After Prigozhin’s death, one former Wagner commander, Andrey Troshev (“Sedoy”), was said to have abandoned the Wagner Group and has now become one of the leaders of Redut (Rtvi.com, November 2, 2023). Troshev reportedly did not support Prigozhin’s rebellion and had openly pledged his allegiance to the Russian MoD. If this information is correct, Redut may emerge as a platform to combine several operational functions, including recruitment, training, and coordination with other quasi-PMC and volunteer formations directly subordinated to the siloviki block.

Storm-Z: The first reports about Storm-Z, which predominantly, but not exclusively, consists of criminals and ex-convicts, date back to September 2022. The Russian MoD officially mentioned it for the first time in early 2023. The MoD reportedly formed Storm-Z as an alternative (and, perhaps, a competitor) to the Wagner Group, whose functions would have been similar to those carried out by the Wagnerites during the battles for Soledar and Bakhmut. As open conflict between Prigozhin and the MoD intensified, Storm-Z was openly considered the MoD’s competing project to attract Wagner soldiers to its ranks (Rtvi.com, October 4, 2023). According to Ukrainian sources,

Storm-Z companies … are intended to conduct urban combat operations or operations in complicated geographic areas to capture important and strategic objects, such as strongholds, command posts, and communication centers. … The personnel that staff these companies receive 10–15 days of “refresher” training, a remarkably short amount of time to adequately train personnel (even reservists with some experience) to perform complex combat tasks and create unit cohesion (Ukrinform.net, April 7, 2023).

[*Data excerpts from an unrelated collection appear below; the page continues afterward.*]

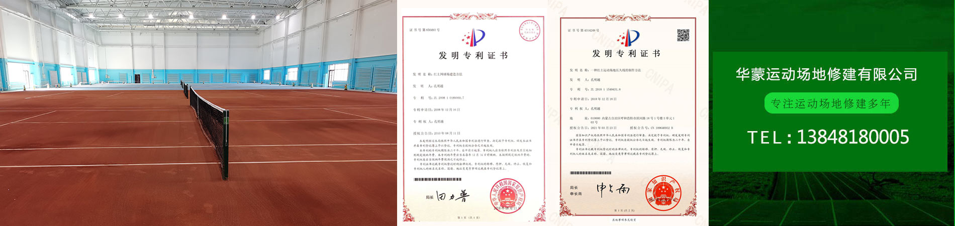 "紅土網球場地建造方法”獲得了實用專利技術證書,解決了紅土場地長畫線及畫線難的問題;產品綠色環保——通過權威認證機構無毒環保檢驗。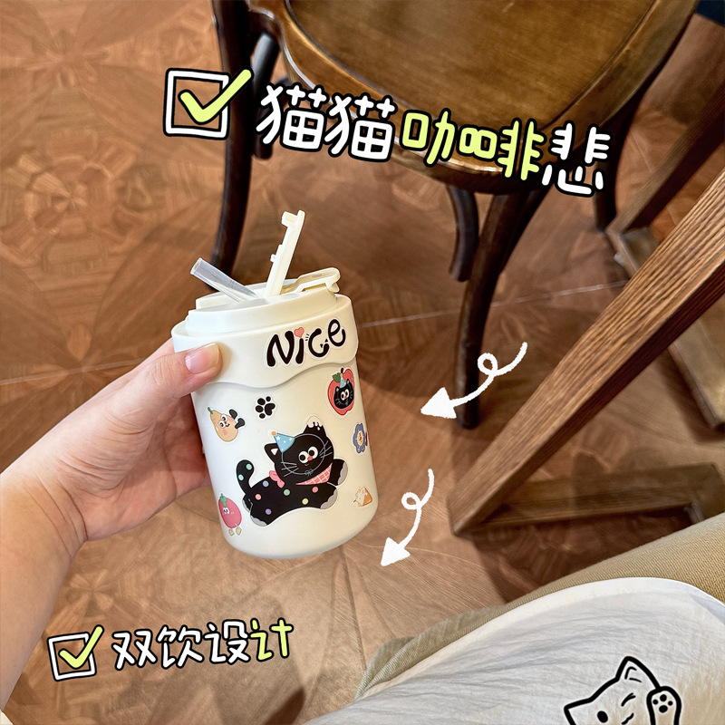 夏季猫咪双饮杯304不锈钢咖啡杯吸管随手杯子学生ins高颜值塑料杯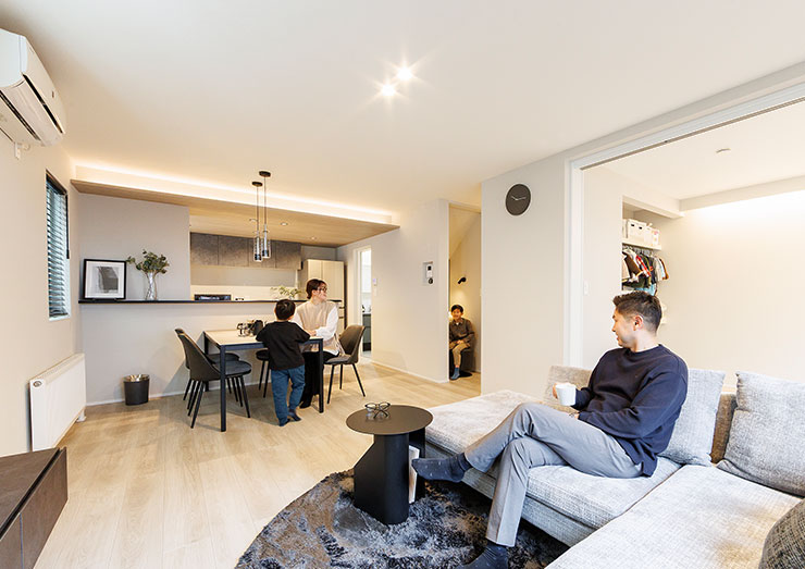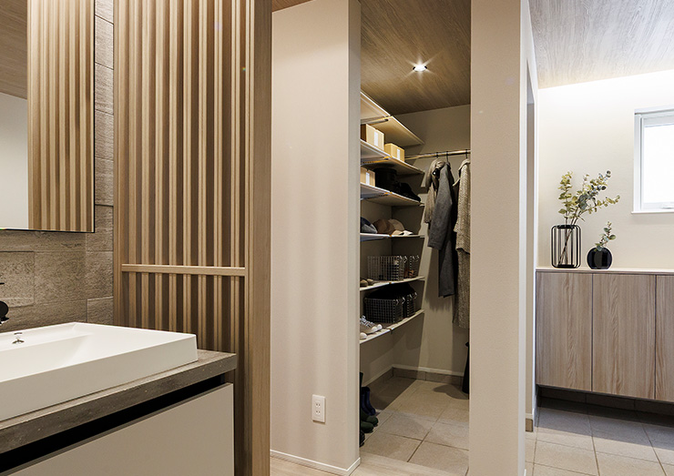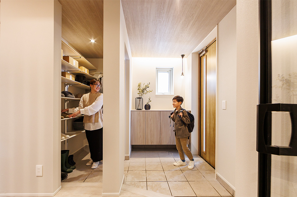 季節の訪れや、子どもの成長に合わせて変化できる収納から、子育てママに嬉しい効率的な家事動線まで、暮らしに寄り添う工夫が詰まった住まいです。 キッチン、ユーティリティー、クローゼットなど、暮らしの動線に合わせて収納があると、あら、不思議。家の中を動くだけで、自然と片付いていきます。 ホテルライクで片づく設計により、余計なモノが視界に入らず、毎日の暮らしがすっと整う感覚を味わえるでしょう。 モノが使う場所で活かされる仕組みを最初から描くことで、上質さが日常になる住宅“ラクいえ”が完成します。
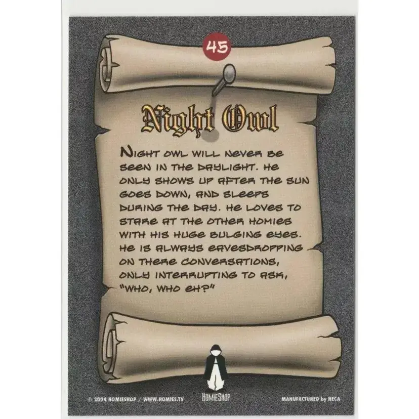 Night Owl #45 Homies Swap Cards 2004 NECA Lowrider Chicano Barrio East LA Culture trading card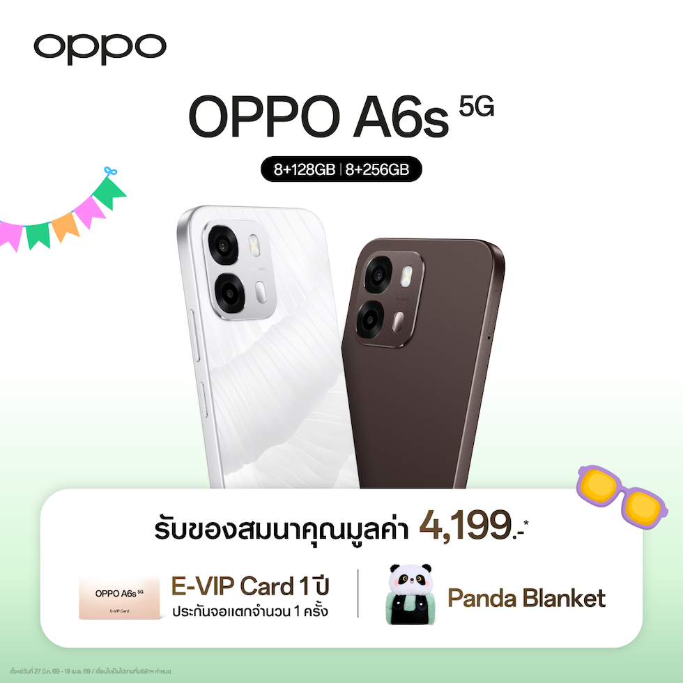 OPPO A6 5G สมาร์ตโฟนจากตระกูลซีรีส์ A สมูทเกินต้าน ทนทานทุกดาเมจ โดยเมื่อซื้อ OPPO A6 5G ในราคา 8,499 บาท หรือ OPPO A6(8+128GB) ในราคา 7,999 บาท และ OPPO A6x 5G ในราคาเริ่มต้น 6,699 บาท รับฟรีทันที! หมอนอิง OPPO AI Phone มูลค่า 399 บา

Storm-Z companies were primarily deployed in the Avdiivka direction, where Southern Military District units eventually wore down the Ukrainians defending the city (Ukrinform.net, April 7, 2023; Ukrainska Pravda, February 22, 2024). Other sources reported on Storm-Z’s heavy involvement in the fighting around Zaporizhzhia during the Ukrainian summer counteroffensive and near Vuhledar during Russia’s unsuccessful winter offensive (RIA Novosti, July 15, 2023; Understandingwar.org, June 18, 2023). While various sources report on the formation operating in the Kherson and Bakhmut directions, the Zaporizhzhia front may in fact be Storm-Z’s central area of operations (76.ru, October 3, 2023). The group’s growing prominence may be attributed to how locally-based units openly demonstrated loyalty to the MoD and spoke out against Prigozhin’s mutiny, for which Russian officials later rewarded them (Telegram.me/nexta_live, June 25, 2023; Telegram.me/rogozin_do, June 26, 2023). According to Ukrainian sources, Storm-Z has suffered significant losses in recent months, essentially operating in the same capacity as Wagner’s stormtroopers did during the Soledar and Bakhmut operations (Radiosvoboda.org, October 24, 2023; Unian.ua, November 18, 2023). Analysts disagree on the actual composition of Storm-Z forces. Some sources suggest that the formation almost entirely consists of (ex-)convicts and criminals, while others argue for a more eclectic composition.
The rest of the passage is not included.